Comment faire garder votre enfant malade ?

Une angine, une fièvre… votre enfant est malade et doit rester à la maison. Famille, baby-sitter, bénévoles, congés exceptionnels : trouvez la bonne solution de garde !

Pas toujours simple de trouver un moyen de garde pour votre enfant malade quand vous devez travailler. Lorsque la famille n’est pas loin, il est toujours plus facile d’improviser en sollicitant parents ou beaux-parents pour prendre le relais. On peut aussi avoir recours à un voisin que l’on connaît bien, à qui on peut offrir un service en échange, ou à un(e) baby-sitter, solution plus onéreuse. Vous pouvez aussi faire appel à des associations qui proposent les services de bénévoles dans différentes régions – le plus souvent des seniors, parents ou jeunes grands-parents – pour vous dépanner le plus rapidement possible. Cette solidarité est réconfortante lorsqu’on doit affronter un tel imprévu. Quoiqu’il en soit, pour organiser l’assistance à domicile ou chez un proche, votre mutuelle peut vous apporter un sérieux coup de pouce.

 

Des congés exceptionnels

Si vous devez rester au chevet de l’enfant, des congés sont nécessaires. En tant qu’agent de la fonction publique à temps plein, vous avez six jours par an pour soigner un enfant de moins de 16 ans, et sans limitation d’âge si l’enfant est en situation de handicap. Vous pouvez bénéficier de 12 jours annuels si vous assumez seul(e) la garde, si votre conjoint est à la recherche d’un emploi ou s’il n’a pas droit à des congés. Si les deux parents sont fonctionnaires, les 12 jours d’absence peuvent être répartis, selon la charge de travail de chacun. Si vous êtes à temps partiel, c’est à votre responsable des ressources humaines de vous informer sur vos droits en fonction de votre temps de travail.
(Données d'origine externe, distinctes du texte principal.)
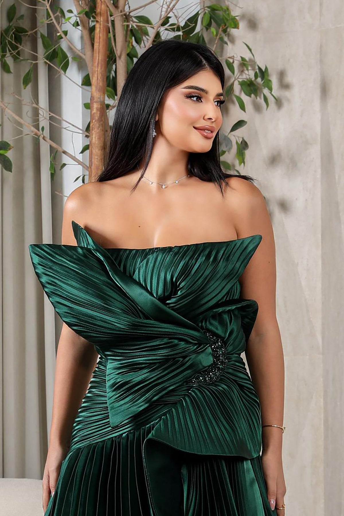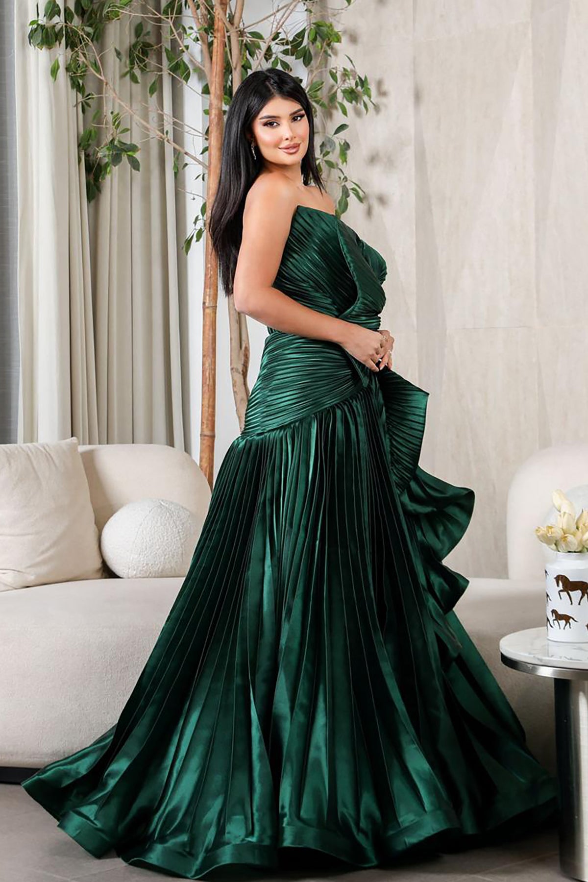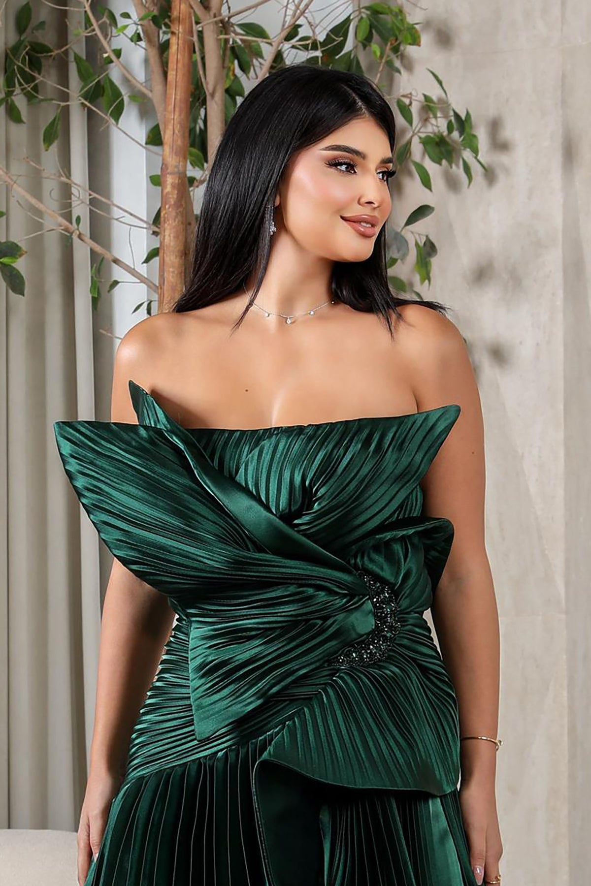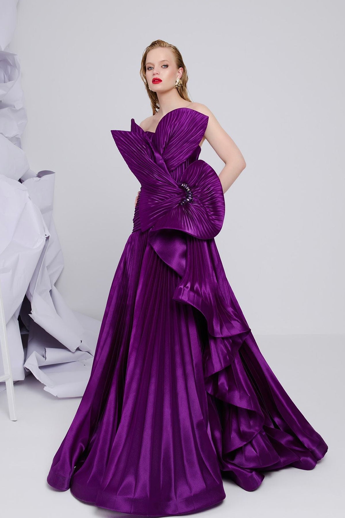 Purple long dress. featuring an organza with a plissé rhythm and a strapless upper cut. Complemented with a flared A-Line skirt and embellished with drapes on bust and waist. Completed with an embellished with stones on the waist side.
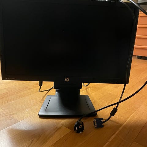 HP bildskärm med skärmstorlek på 23 tum i svart utförande. Passar för anslutning till stationär dator eller bärbar dator via kompatibla bildskärmsportar (t.ex. HDMI, DisplayPort eller liknande beroende på modell). Skärmen är monterad på en stabil fot och är lämplig för kontorsarbete, studier eller allmänt hemmabruk där en extern monitor önskas.
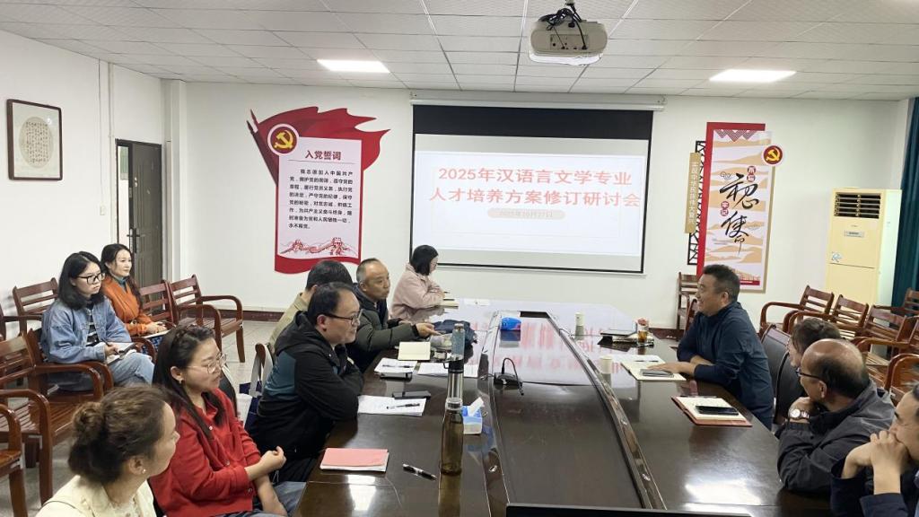 本网消息 10月27日下午,师范学院召开2025年汉语言文学专业人才培养方案修订研讨会,围绕2024版人才培养方案存在的问题展开讨论。教务处副处长赵旭德和余文老师出席会议,师范学院院长胡邦岳、副院长刘燕、文学教研室主任朱克理、语言学教研室主任刘会龙、网媒教研室主任孙茜及汉语言文学专业教师二十余人参加了会议。会议由刘燕副院长主持。
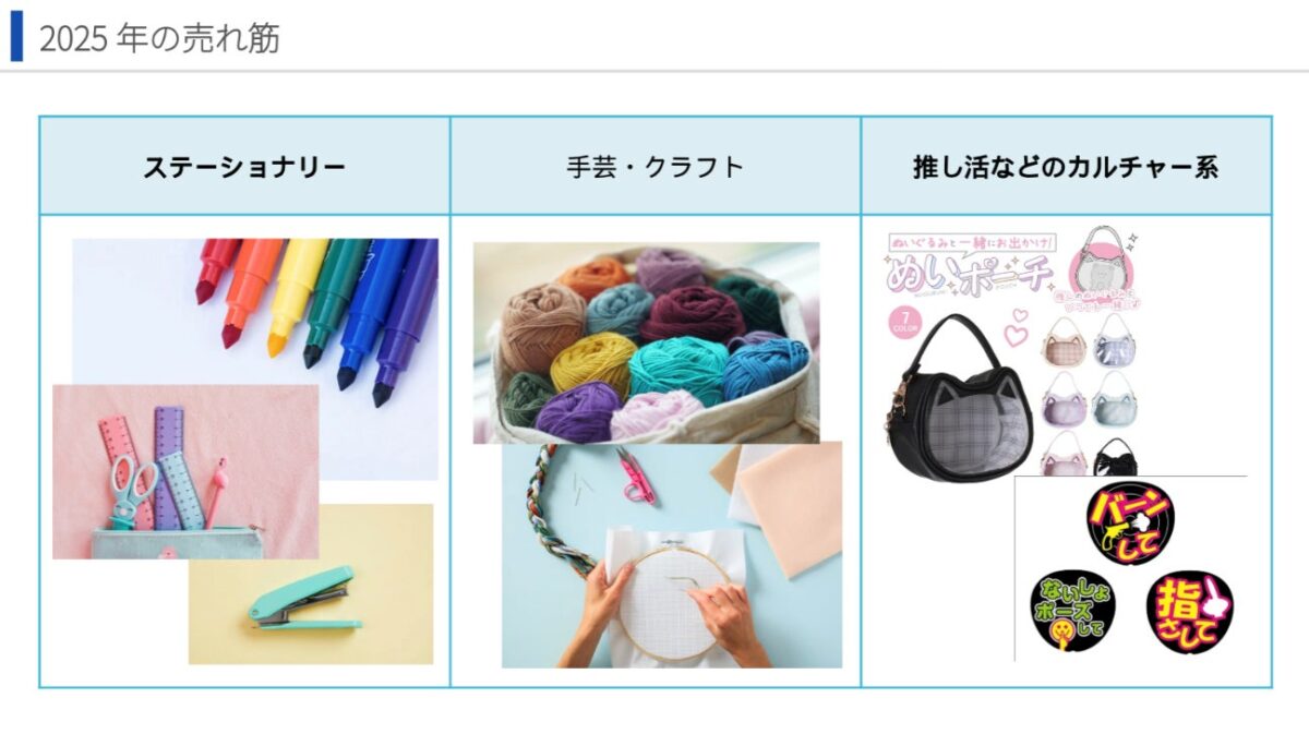 SD exportでは、「ステーショナリー」「手芸クラフト」「推し活などカルチャー系商品」の3ジャンルに特に注目が集まっています。ステーショナリー部門では、高機能な筆記具に加えて、「シール」や「マスキングテープ」といった、手帳やノートを装飾するデザイン性の高いアイテムの需要も増加しています。手芸クラフト部門では、会員購入者数が前年比で13.6%増加し、売上も7.6%増となっており、好調に成長しています。「デニムリペア」に起因する日本の「刺し子(SASHIKO)」ブームや「SNS発のブーケブランケット」の流行により、「糸・毛糸」カテゴリは前年比で52.4%増を記録しました。SNSのトレンドが実販に直結している事象が確認されています。
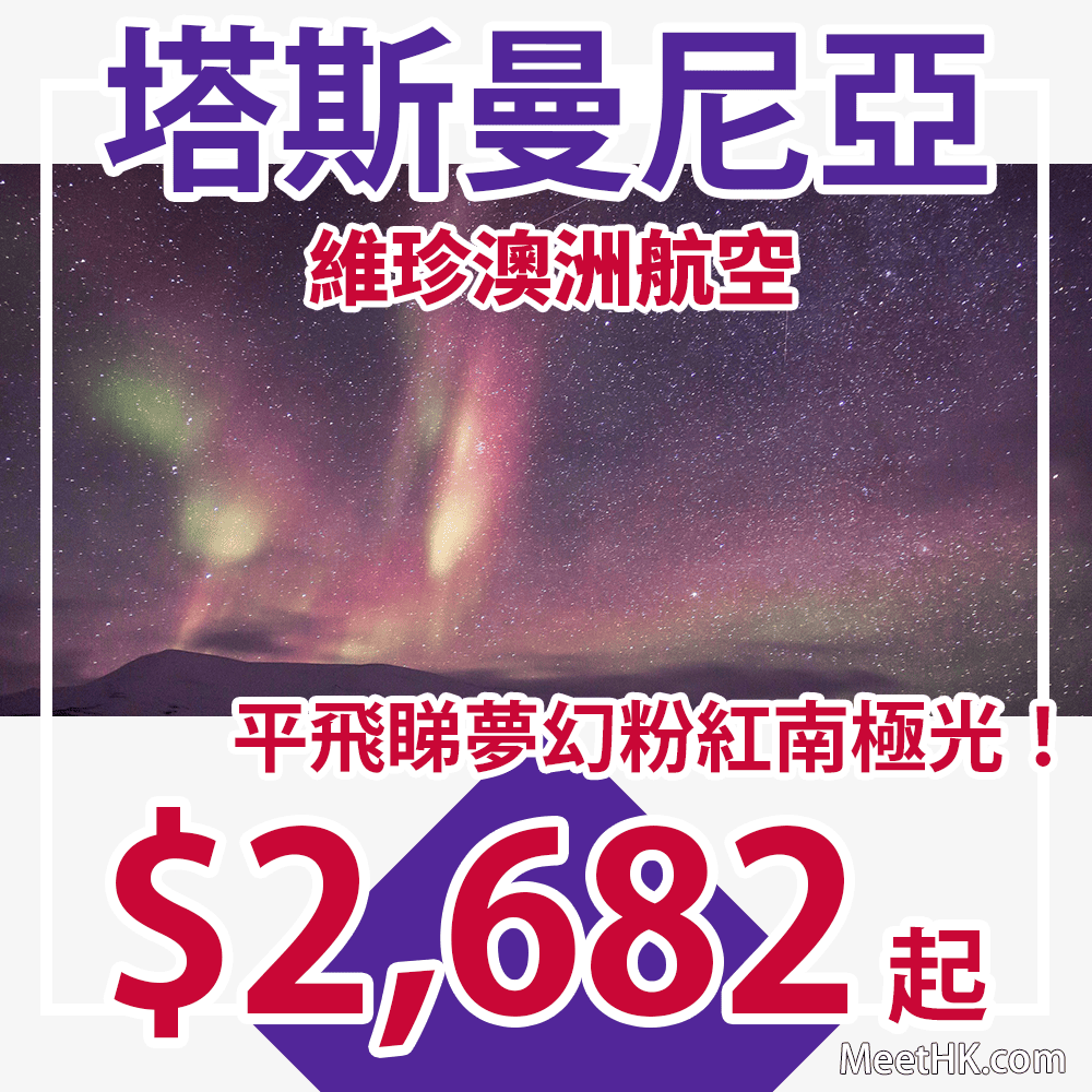 平飛塔斯曼尼亞!連稅3千8!粉紅南極光盛放期出發!香港往返塔斯曼尼亞只需$2,682起 – 維珍澳洲航空 (優惠至1月29日)
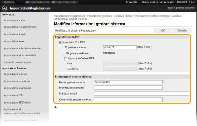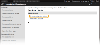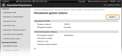 Alcune impostazioni possono essere modificate solo dopo aver effettuato l'accesso in modo Gestore sistema.
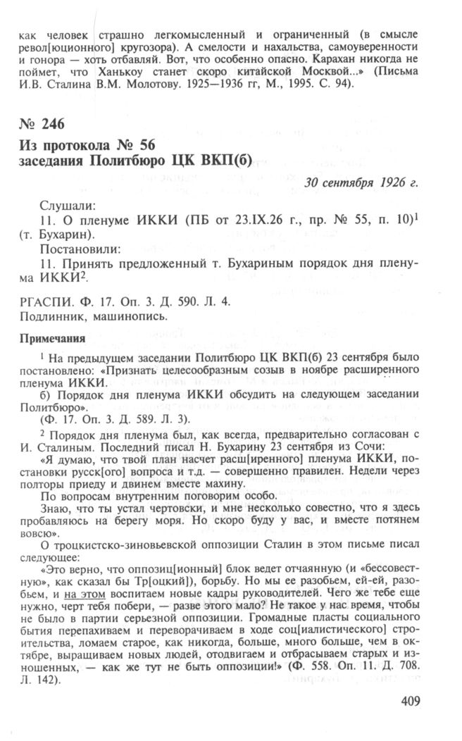 Из протокола № 56 заседания Политбюро ЦК ВКП(б). О пленуме ИККИ. 30 сентября 1926 г. // РГАСПИ. Ф. 17. Оп. 3. Д. 590. Л. 4. Подлинник, машинопись.
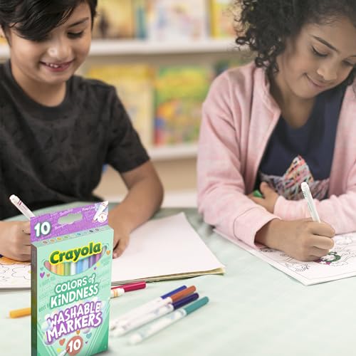 Crayola - مجموعة أقلام ماركر دقيقة قابلة للغسل للخطوط الدقيقة من كرايولا - ألوان متنوعة | ألوان اللطف تعبر عن المشاعر الطيبة | مثالية للأطفال من سن 3 سنوات فما فوق (عبوة من 10 قطع)
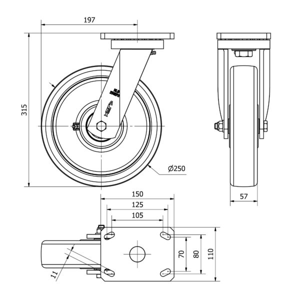 Rueda nylon-poliamida giratoria Alex diametro 250 mm. modelo 2-2298
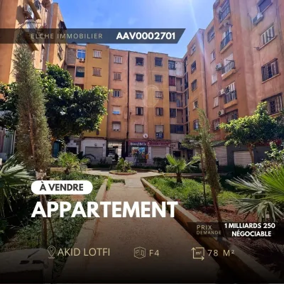 🔶 Réf : AAV0002701 🏡 À VENDRE : Appartement F4 situe à AKID LOTFI, ORAN •🔺 Superficie : 78 m² avec deux façades •🔺Équipements :eau, électricité, gaz, compteur individ

Des dispositions en cas de maladies plus longues

Certaines maladies ou accidents plus graves rendent la présence des parents indispensable et soutenue, et nécessitent un arrêt total ou partiel de leur activité. Il est alors possible de prendre un congé de présence parentale de 310 jours ouvrés maximum (environ 15 mois) sur une période de trois ans. Dans ce cas, la CAF prévoit une allocation journalière de présence parentale (AJPP).